===== Supplied data

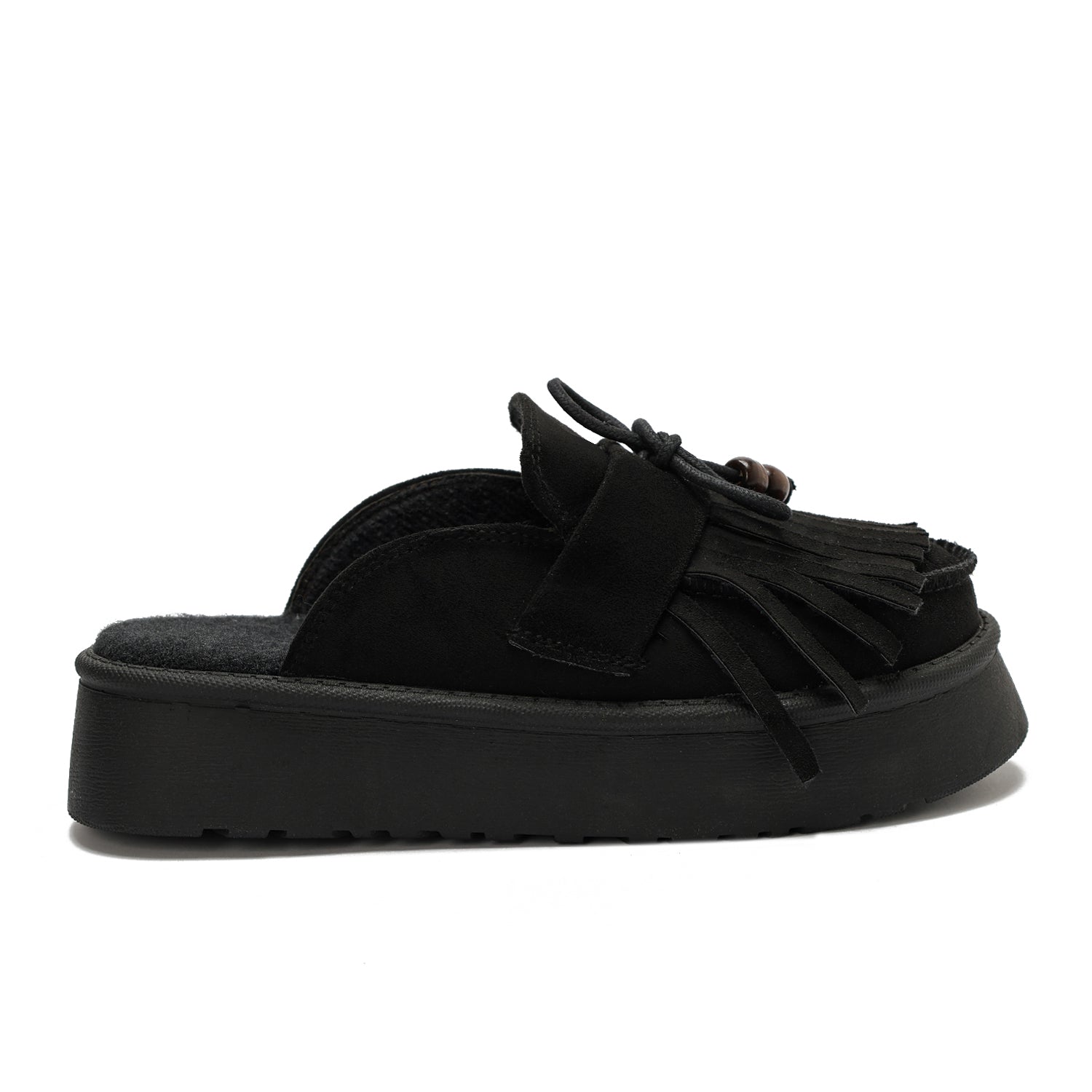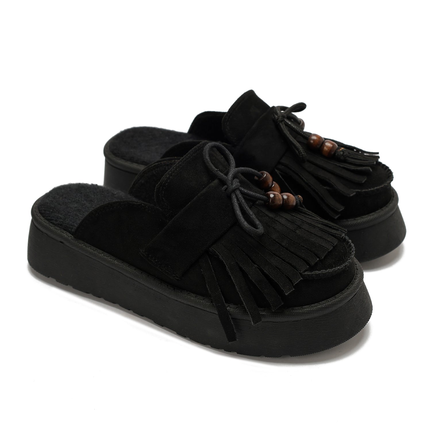 Elevate your casual style with these uniquely designed platform clogs. Crafted from soft, high-quality faux suede, these mules feature a striking fringe detail across the vamp, accented with wooden-style beads on adjustable drawstring ties. The chunky platform sole provides both height and stability, while the plush padded footbed ensures all-day comfort. Perfect for adding a bohemian touch to any outfit
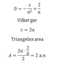 Då vet vi koordinaterna för triangelns hörn: (0,0), (0,) och (2a,0) och vi kan räkna ut arean.
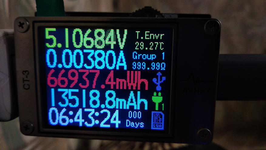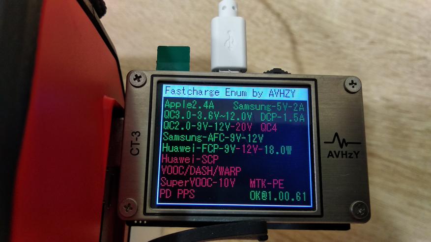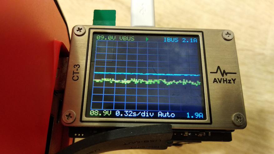 Ну и наконец, как же не иметь функцию внешнего аккумулятора для мобильной техники. Есть базовые протоколы быстрой зарядки, что хорошо, т.к. могли ограничиться обычным 5В/2А, а также сам умеет заряжаться при помощи 9В/2А. Какие протоколы есть, сколько слилось и сколько залилось, все видно на фото. Осциллограмма снята на середине нагрузочного теста.

==========

Prompt – Word-for-word transcript, pictures excluded: copy all the material above.

Task result –
 Elevate your casual style with these uniquely designed platform clogs. Crafted from soft, high-quality faux suede, these mules feature a striking fringe detail across the vamp, accented with wooden-style beads on adjustable drawstring ties. The chunky platform sole provides both height and stability, while the plush padded footbed ensures all-day comfort. Perfect for adding a bohemian touch to any outfit
 Då vet vi koordinaterna för triangelns hörn: (0,0), (0,) och (2a,0) och vi kan räkna ut arean.
 Ну и наконец, как же не иметь функцию внешнего аккумулятора для мобильной техники. Есть базовые протоколы быстрой зарядки, что хорошо, т.к. могли ограничиться обычным 5В/2А, а также сам умеет заряжаться при помощи 9В/2А. Какие протоколы есть, сколько слилось и сколько залилось, все видно на фото. Осциллограмма снята на середине нагрузочного теста.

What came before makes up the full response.